*** Begin section ***

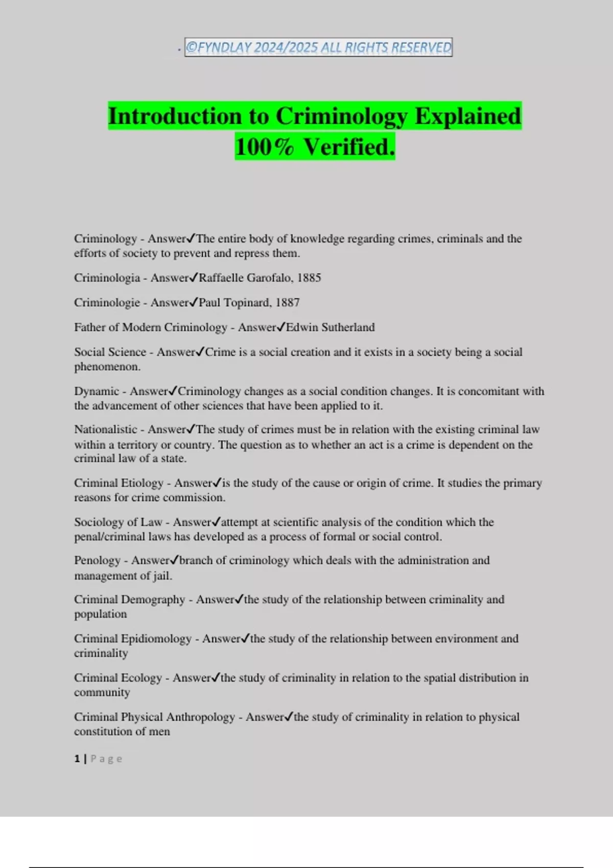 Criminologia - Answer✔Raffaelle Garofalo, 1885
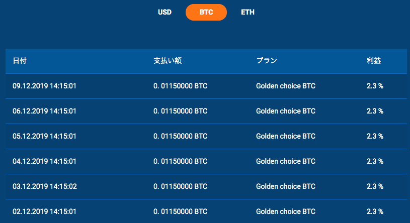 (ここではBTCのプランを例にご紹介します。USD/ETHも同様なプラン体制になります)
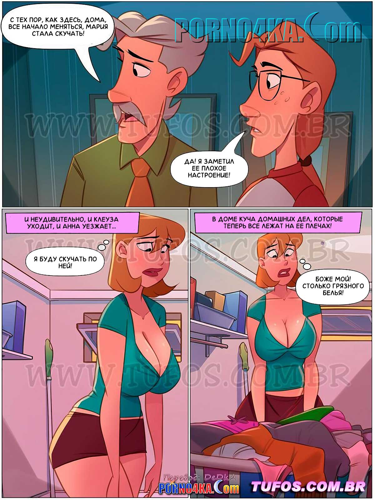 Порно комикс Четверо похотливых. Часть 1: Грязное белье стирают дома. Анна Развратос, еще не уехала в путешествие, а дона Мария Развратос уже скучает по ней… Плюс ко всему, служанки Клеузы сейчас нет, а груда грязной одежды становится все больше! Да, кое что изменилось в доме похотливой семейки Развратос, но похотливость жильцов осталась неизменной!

*** End section ***
*** Begin section ***

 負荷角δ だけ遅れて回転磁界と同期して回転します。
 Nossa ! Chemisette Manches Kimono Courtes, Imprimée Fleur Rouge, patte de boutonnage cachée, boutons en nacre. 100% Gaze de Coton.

*** End section ***

### TASK OBJECTIVE
Begin at the line in the entries above that has "(ここではBTCのプランを例", stop after the line that has "Порно комикс Четверо", and output exactly those lines without pictures.

### RESPONSE TO THE TASK
 (ここではBTCのプランを例にご紹介します。USD/ETHも同様なプラン体制になります)
 Порно комикс Четверо похотливых. Часть 1: Грязное белье стирают дома. Анна Развратос, еще не уехала в путешествие, а дона Мария Развратос уже скучает по ней… Плюс ко всему, служанки Клеузы сейчас нет, а груда грязной одежды становится все больше! Да, кое что изменилось в доме похотливой семейки Развратос, но похотливость жильцов осталась неизменной!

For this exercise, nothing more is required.